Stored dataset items
────────

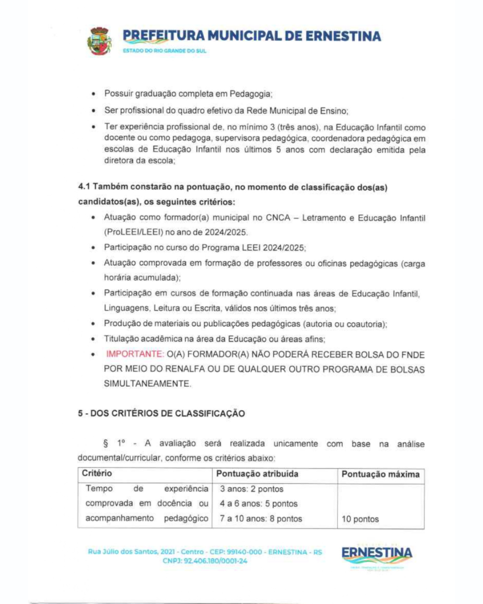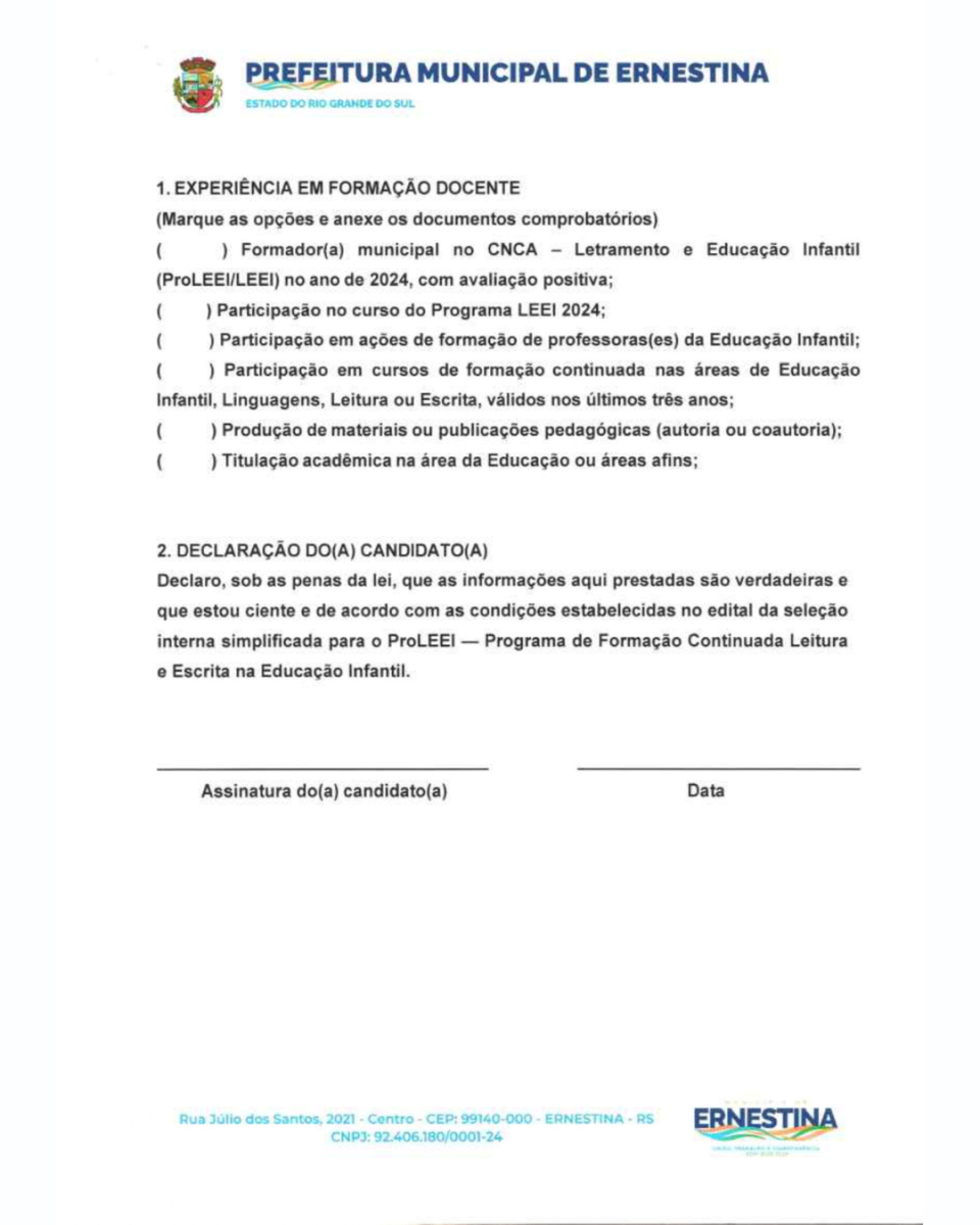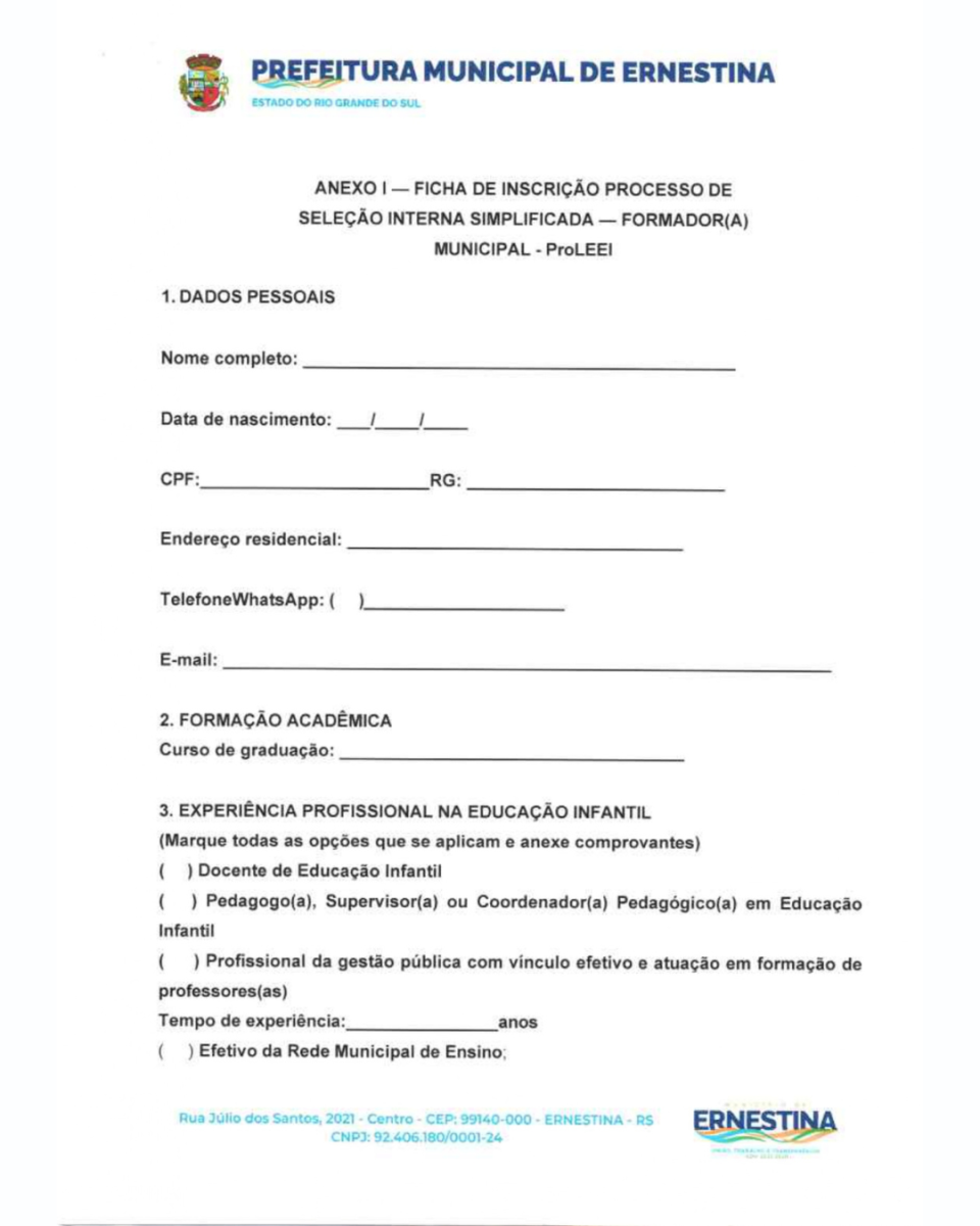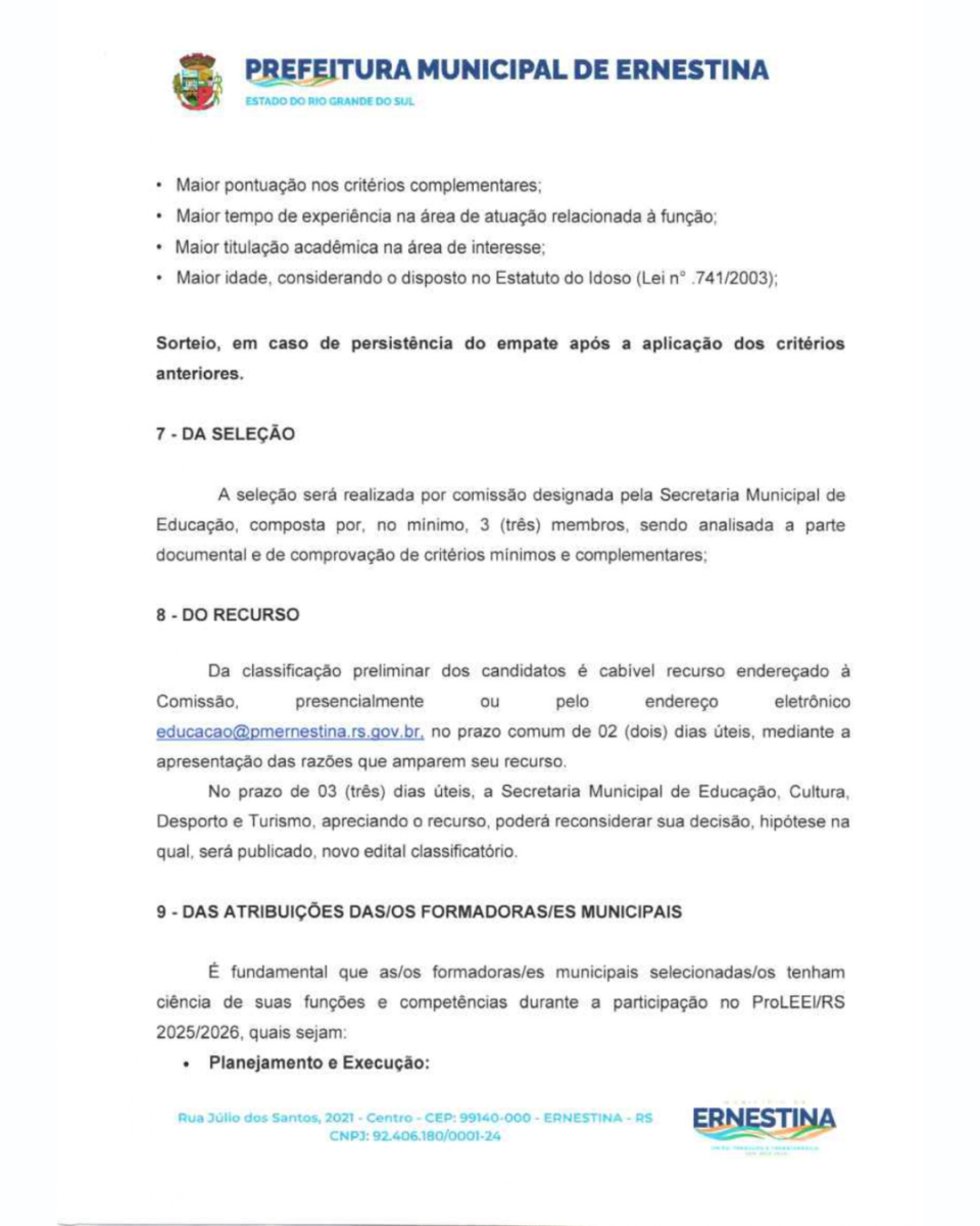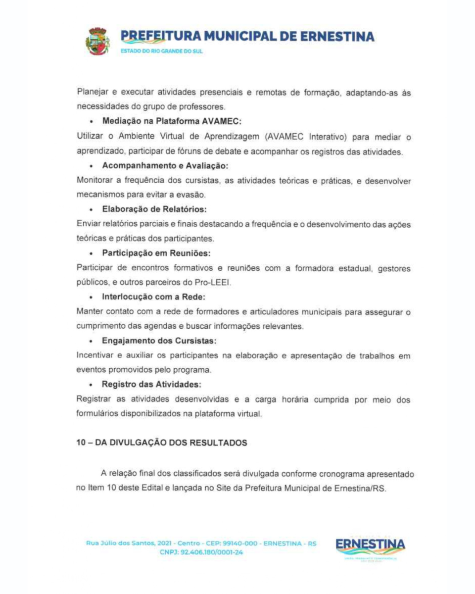 O presente Processo Seletivo Simplificado tem como objetivo a seleção de profissional para atuar como Formador Local (Municipal) do Pro-LEEI no Município de Ernestina/RS, integrando a Rede Nacional de Formadores do Pro-LEEI/CNCA.
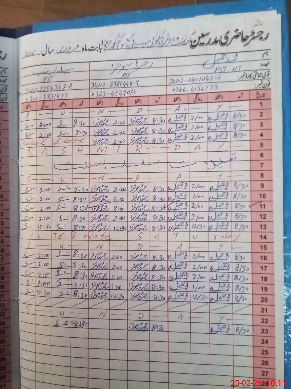 | CNIC | Full Name | Designation | R/C | Absence During Last Calender Month |
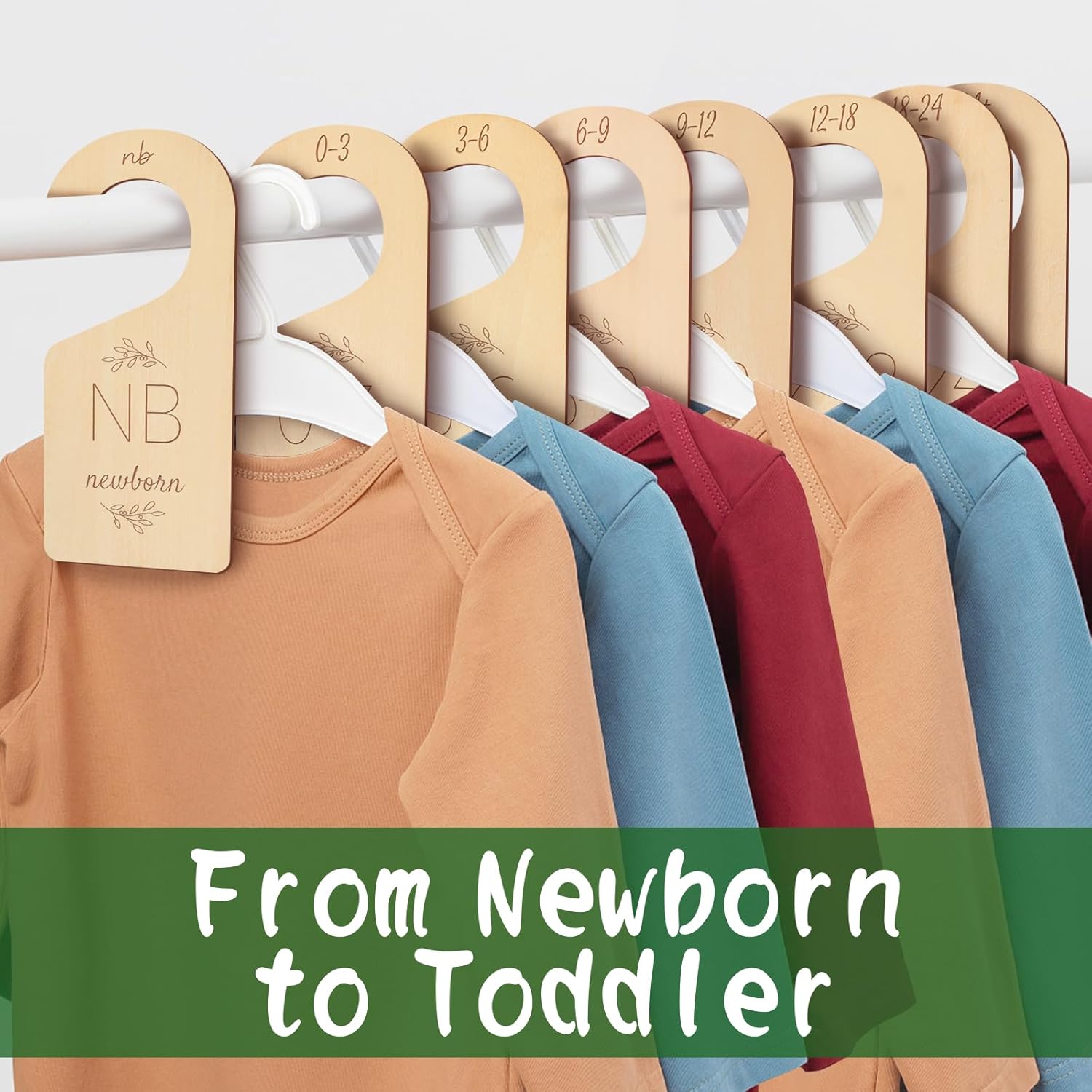 - Adorable Set of 8 Dividers: Our baby closet organizer includes 8 cute dividers for newborn, 0-3, 3-6, 6-9, 9-12, 12-18, 18-24 months, and toddler. Organize your baby's clothes into months as he or she grows. Not only add a touch of charm to the nursery but also make your daily routine a whole lot smoother
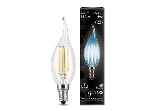 Лампа светодиодная филаментная Gauss E14 7W 4100К прозрачная 104801207
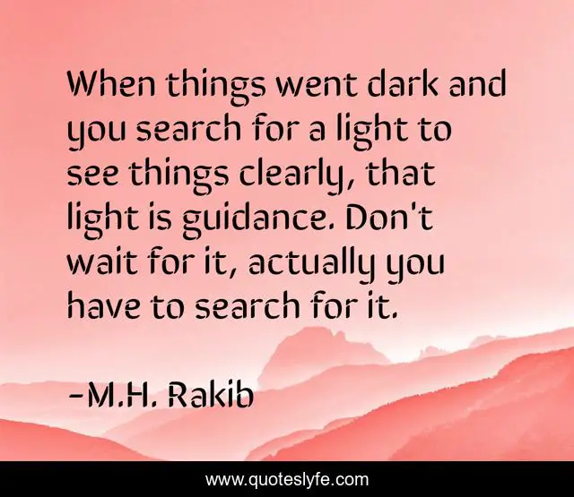 This page presents the quote "When things went dark and you search for a light to see things clearly, that light is guidance. Don't wait for it, actually you have to search for it.". Author of this quote is M.H. Rakib. This quote is about guidance, struggle,.
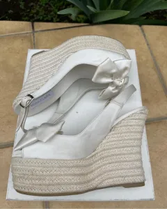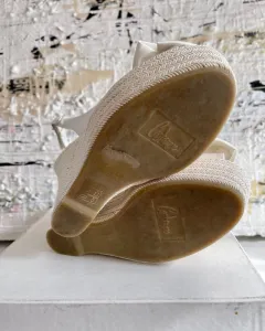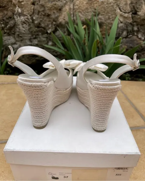Talla: 37 IMPORTANTE: miden 23.5 cm, color beige claro, 12.5 cm de alto. Tienen ciertas manchas pequeñas. Se envían con la caja original.
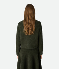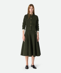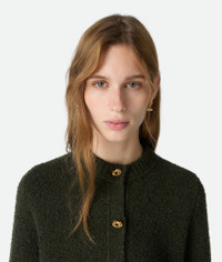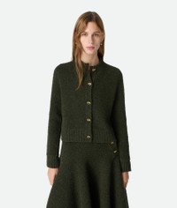 Cardigan in wool boucle with metal knot button detailing. Product Details - Wool boucle cardigan - Metal knot buttons closure - Regular fit - Color: Dark Green - Made in: Italy - Product code: 812469V4WQ03350 Material - Material: 100% Wool Size & Fit - Model is 179 cm | 5'10" and is wearing a Bottega Veneta size S

────────

Task requirements: Would you transcribe the lines above exactly, going from the line bearing "This page presents" through the line bearing "Talla: 37 IMPORTANTE: miden", and drop the pictures from the copy?

Answer to this problem:
 This page presents the quote "When things went dark and you search for a light to see things clearly, that light is guidance. Don't wait for it, actually you have to search for it.". Author of this quote is M.H. Rakib. This quote is about guidance, struggle,.
Talla: 37 IMPORTANTE: miden 23.5 cm, color beige claro, 12.5 cm de alto. Tienen ciertas manchas pequeñas. Se envían con la caja original.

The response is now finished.